EGRV = 200 ($3,000 - $2,800 = $200)

Note: if the Lessee believes the vehicle will have the required FMV to meet the CGRV obligation, then the EGRV = $0.

Entering Contractual GRV in the UI – Method 1

Step

Action

1

Select the Mid-Term/EOT Options button in the Enter Schedule workspace on the Terms tile.

2

Select End of Term from the first Type drop-down.

3

Select Return from the second Type drop-down.

4

Select the Return Option method (Fixed $ or %) and enter the corresponding nominal amount or % of the Contractual GRV.

Note: Entering the Return Option method will open the Limit Fee fields for input.

5

Check the Limit Fee selector box.

6

Enter the Limit Fee Option method (this must be the same as the Return Option Fee method).

7

Enter the corresponding Limit Fee Amount equal to the Return Fee Amount.

8

Limit Fee Amount = Return Fee Amount = Contractual GRV Amount.

Entering Contractual GRV in the UI – Method 2

Step

Action

1

Select the Mid-Term/EOT Options button in the Enter Schedule workspace on the Terms tile.

2

Select End of Term from the first Type drop-down.

3

Select Return from the second Type drop-down.

4

Select a Return Option method, Percent of Amount Financed or Fixed Amount, and enter the corresponding amount or percentage of the Contractual GRV.

Note: Entering the Return Option method will open the Reduce by Sale Proceeds box for input.

5

Return Fee Amount = Contractual GRV Amount.

6

Check the Reduce by Sales Proceeds box.

7

Check the Limit Fee box. Enter the corresponding Limit Fee Amount equal to the Return Fee Amount.

8

Limit Fee Amount = Return Fee Amount = Contractual GRV Amount.

At this time, Contractual GRV cannot be entered using a PIW.

Entering Contractual GRV in a PIW

Step

Action

1

Select End of Term from the Timing drop-down on the EOT Options tab.

2

Select Return from the Option Type drop-down.

3

Enter Contractual GRV Amount in the Return Fee field.

4

Enter the same Contractual GRV Amount in the Limit Fee field.

5

Contractual GRV must be entered in both fields to accurately record the amount and have visibility in the UI for future review and editing.

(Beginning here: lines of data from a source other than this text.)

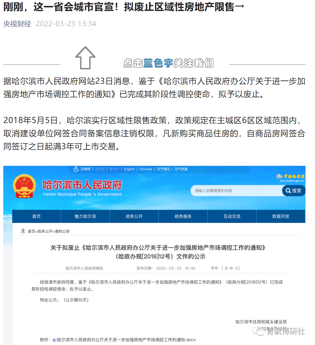 (一)地產行業風險仍在持續釋放的背景下,因城施策的各地動向備受關注。2022年3月23日,哈爾濱市住建局在哈爾濱市政府官網披露的信息顯示,經報請市政府同意,鑒于《哈爾濱市人民政府辦公廳關于進一步加強房地產市場調控工作的通知》(哈政辦規(2018)12號)已完成其階段性調控使命,擬予以以廢止。值得關注的是,哈爾濱此舉,隨后得到經濟日報、央視財經等官媒的轉載。
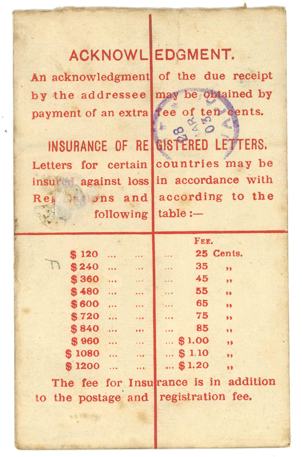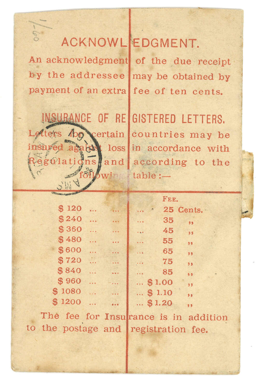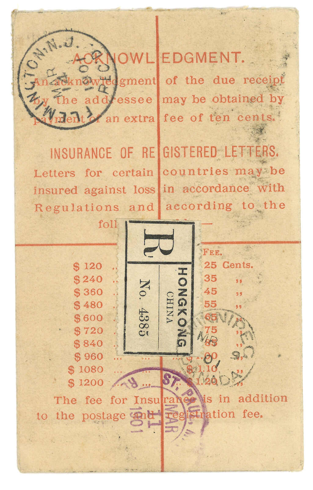 1901.2.12 香港維多利亞女皇像10仙掛號郵資封(size F 3-1/4 x 5-1/4 inch)寄美國,加貼2x 10仙,銷香港B字日戳。背貼掛號標籤。3.14抵Flemington。(Image 1)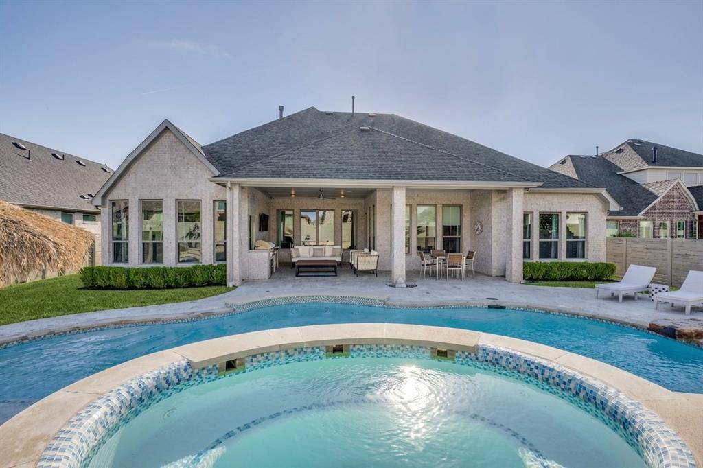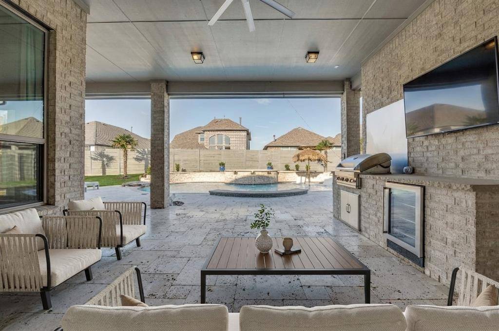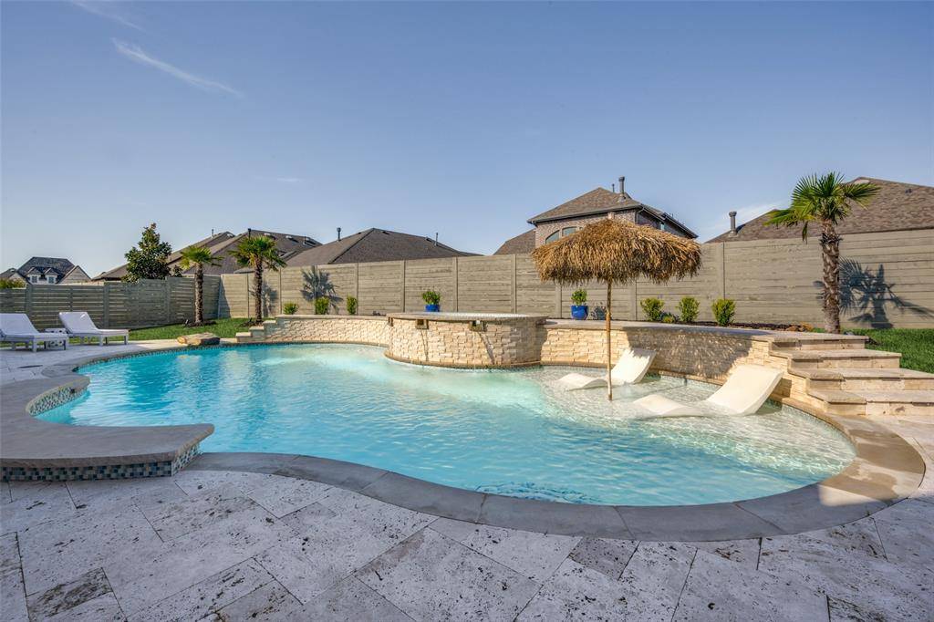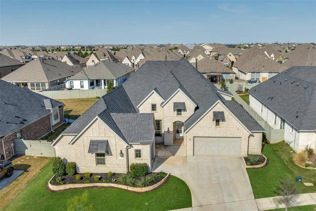 Like-new, one-story home at its best, located on one of the few cul-de-sacs in the highly desirable, award-winning Harvest community within Argyle ISD. This thoughtfully upgraded 4-bedroom, 3.5-bath, 3-car garage home also features a dedicated office and a media room, which offers flexibility and can easily function as a 5th bedroom if needed.One of the secondary bedrooms is designed as a private en-suite with its own separate entrance, ideal for generational living, guests, or extended stays.The open-concept living area seamlessly extends to the outdoor entertaining space. Step outside to a true resort-style retreat featuring premium travertine pool decking, a custom pool and spa, and a fully equipped outdoor kitchen—creating a backyard experience unlike any other in the community.Upgrades a custom stone landscaping border, enhanced professional landscaping, fresh interior paint, designer light fixtures, extended hardwood flooring flowing through the primary suite, primary closet, and private generational suite, and an enhanced in-ceiling speaker system in the main living and outdoor areas.This smart home makes life easy. Preheat the double oven, warm the spa, control HVAC and watch any of the 4 security cameras from anywhere.Harvest offers an unmatched lifestyle with multiple pools, fitness centers, parks, dog parks, volleyball and basketball courts, scenic walking trails, and a stocked catch-and-release fishing pond.A rare opportunity to own a move-in ready home with elevated upgrades in one of Argyle's most sought-after neighborhoods.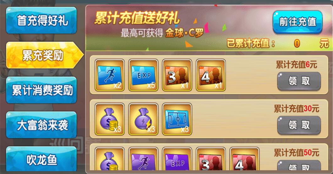 毋容置疑,首充是每款游戏中最划算的一次充值,也是检验大家是否值得玩这款游戏的关键所在,《足球经理H5》的首充活动可以说是十分豪华了,首充任意金额即可领取价值998元的超值大礼包。
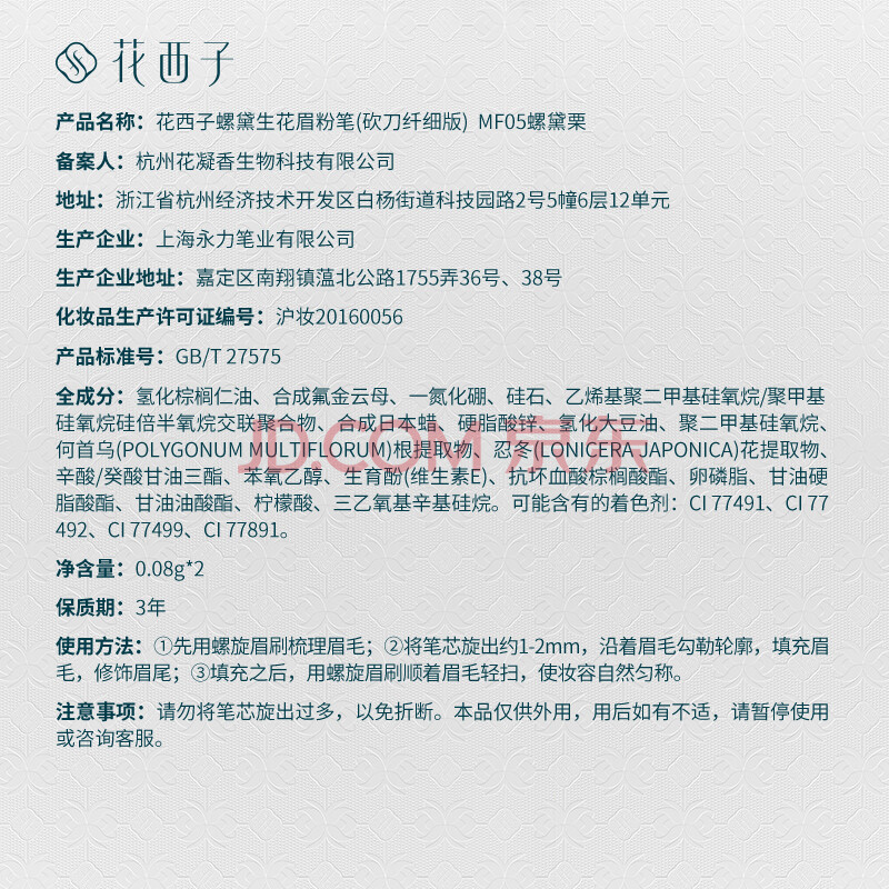商品相册:花西子首乌眉粉笔螺黛栗初学者(1正1替)自然持久MF05螺黛栗第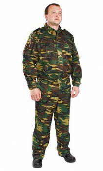 Костюм "Офицерский", зелёный камуфлированный, состоит из куртки и брюк. Куртка укороченная, с центральной застежкой на тесьму-молнию, с нижними прорезными карманами на молнии и верхними накладными, с клапаном и закруглённым бочком на кнопках , рукав втачной, длинный, на манжете. Низ куртки на притачном поясе, по бокам стянут на эластичную тесьму. Брюки прямые на притачном поясе со шлевками, с центральной застежкой на тесьму-молнию, карманами с отрезным бочком и задним прорубным карманом с клапаном. С отстроченными стрелками и усилениями в области колена. Рекомендуемые материалы: смесовые ткани, грета. ГОСТ 25295-2003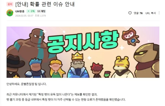 신뢰회복약속과재발방지모니터링강화펫·룬뽑기오류발생,특정캐릭터편향밝혀져111%운빨존많겜공지사항갈무리.국내게임회사111퍼센트(%)의대표게임'운빨존많겜'내펫과룬뽑기에서확률조작논란이발생했다.회사측은재발방지모니터링과재화보상등을진행하겠다는입장이다.운빨존많겜운영팀은5일공지사항을통해"최근커뮤니티에서제기된'특정펫이유독많이나온다'는제보를확인한결과펫뽑기과정중등급내부에서특정펫이더자주선택될수있는편향오류가존재했다"고밝혔다.이어운영팀은"무엇보다명확해야할확률시스템에서이러한오류가발생한점에대해무거운책임을느끼며,유저분들에게불편과불신을드린점진심으로사과드린다"고덧붙였다.이번에발생한운빨존많겜내확률오류대상은'펫뽑기'와'룬뽑기'시스템이다.룬뽑기와관련된오류는'룬스톤'을소모한뽑기에서발생했으며펫뽑기와동일한편향오류다.운빨존많겜의펫뽑기는크게'등급결정'과'등급내펫결정'으로나누어진다.이중등급내펫결정단계에서랜덤처리방식의구현문제로순서상가장앞에있는펫이상대적으로더자주등장할수있는편향이발생했다는것이다.운영팀측은"매번신규기능에맞춰새로운로직을도입하고있으나,룬과펫시스템개발과정에서불찰로의도치않은로직이적용됐다"며"현재해당오류를수정할핫픽스업데이트를준비하고있으며,이를통해뽑기로직을정상화해등급내모든아이템이동일한확률로등장하도록수정할예정"이라고설명했다.피해를입은유저들에게'재화보상'과'펫보상선택티켓'을제공할예정이다.펫뽑기및룬스톤소모기록이있는모든유저들에게는게임진행시필요한배터리와룬스톤을보상한다.또,펫보상선택티켓사용시▲보유중인모든펫회수및펫뽑기레벨을초기화하고사용된배터리환급▲확률편차에의해편향이발생한펫의수량을확률에맞게고르게분배해주는펫수량보정▲현재의펫육성상태를유지3가지옵션을선택할수있다.끝으로,운영팀은"이후변경사항이나추가조치사항이생길경우해당공지를통해지속적으로안내할예정"이라며"앞으로더욱책임감있는서비스를약속드리며,유저분들과신뢰를회복하기위해노력하고,다시한번깊이사과드린다"고밝혔다.한편,운빨존많겜은2024년5월출시된모바일타워디펜스게임으로출시직후양대마켓인기및매출순위1위를석권했고,글로벌누적다운로드1100만건이상을기록하는성과를내는등흥행에성공했다.김세현기자[email protected]©뉴스웨이.무단전재,재배포,AI학습이용금지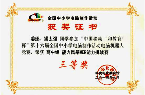 “中國移動‘和教育’杯”第十六屆全國中小學(xué)電腦制作活動結(jié)果日前揭曉,白河高級中學(xué)學(xué)生姜娜和操太強(qiáng)在高中組能力風(fēng)暴WER能力挑戰(zhàn)賽——&……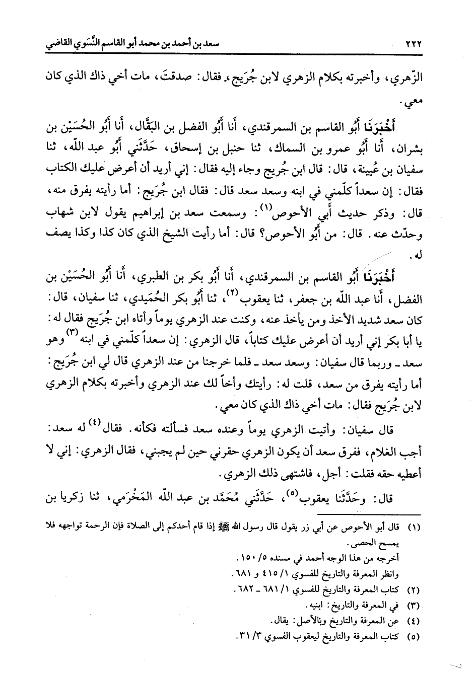 الزهري وأخبرته بكلام الزهري لابن جريج فقال صدقت مات أخي ذاك الذي كان معي أخبرنا أبو القاسم بن السمرقندي أنا أبو الفضل بن البقال أنا أبو الحسين بن بشران أنا أبو عمرو بن السماك ثنا حنبل بن إسحاق حدثني أبو عبد الله ثنا سفيان بن عيينة قال قال ابن جريج وجاء إليه فقال إني أريد أن أعرض عليك الكتاب فقال إن سعدا كلمني في ابنه وسعد سعد قال فقال ابن جريج أما رأيته يفرق منه قال وذكر حديث أبي الأحوص (1) وسمعت سعد بن إبراهيم يقول لابن شهاب وحدث عنه قال من أبو الأحوص قال أما رأيت الشيخ الذي كان كذا وكذا يصف له أخبرنا أبو القاسم بن السمرقندي أنا أبو بكر بن الطبري أنا أبو الحسين بن الفضل أنا عبد الله بن جعفر ثنا يعقوب (2) ثنا أبو بكر الحميدي ثنا سفيان قال كان سعد شديد الأخذ ومن يأخذ عنه وكنت عند الزهري يوما وأتاه ابن جريج فقال له يا أبا بكر إني أريد أن أعرض عليك كتابا قال الزهري إن سعدا كلمني في ابنه (3) وهو سعد وربما قال سفيان وسعد سعد فلما خرجنا من عند الزهري قال لي ابن جريج أما رأيته يفرق من سعد قلت له رأيتك وأخا لك عند الزهري وأخبرته بكلام الزهري لابن جريج فقال مات أخي ذاك الذي كان معي قال سفيان وأتيت الزهري يوما وعنده سعد فسألته فكأنه فقال (4) له سعد أجب الغلام ففرق سعد أن يكون الزهري حقرني حين لم يجبني فقال الزهري إني لا أعطيه حقه فقلت أجل فاشتهى ذلك الزهري قال وحدثنا يعقوب (5) حدثني محمد بن عبد الله المحرمي ثنا زكريا بن

Note: Journal entries will only be generated if the Option Type is Return and the option is Reasonably Certain.

Entering Estimated GRV in the UI

Step

Action

1

Enter schedule details as usual in the Enter Schedule workspace.

2

Enter the EGRV in the Estimated Guaranteed Residual Value (GRV) field in the Book Deal workspace.

3

Book the deal.

4

In the case of a Modification, the EGRV is entered in the Modify Deal workspace on the Summary tile.

Entering Estimated GRV in a PIW

Step

Action

1

In a PIW, on the Schedule tab, enter the amount in the Estimated GRV field.

2

On the EOT Options tab, ensure the Option Type field is set to Return for this schedule.

3

Ensure the Reasonably Certain EOT Option field is marked Yes for this schedule.

4

Note: Journal entries will only be generated if the Option Type is Return and it is Reasonably Certain.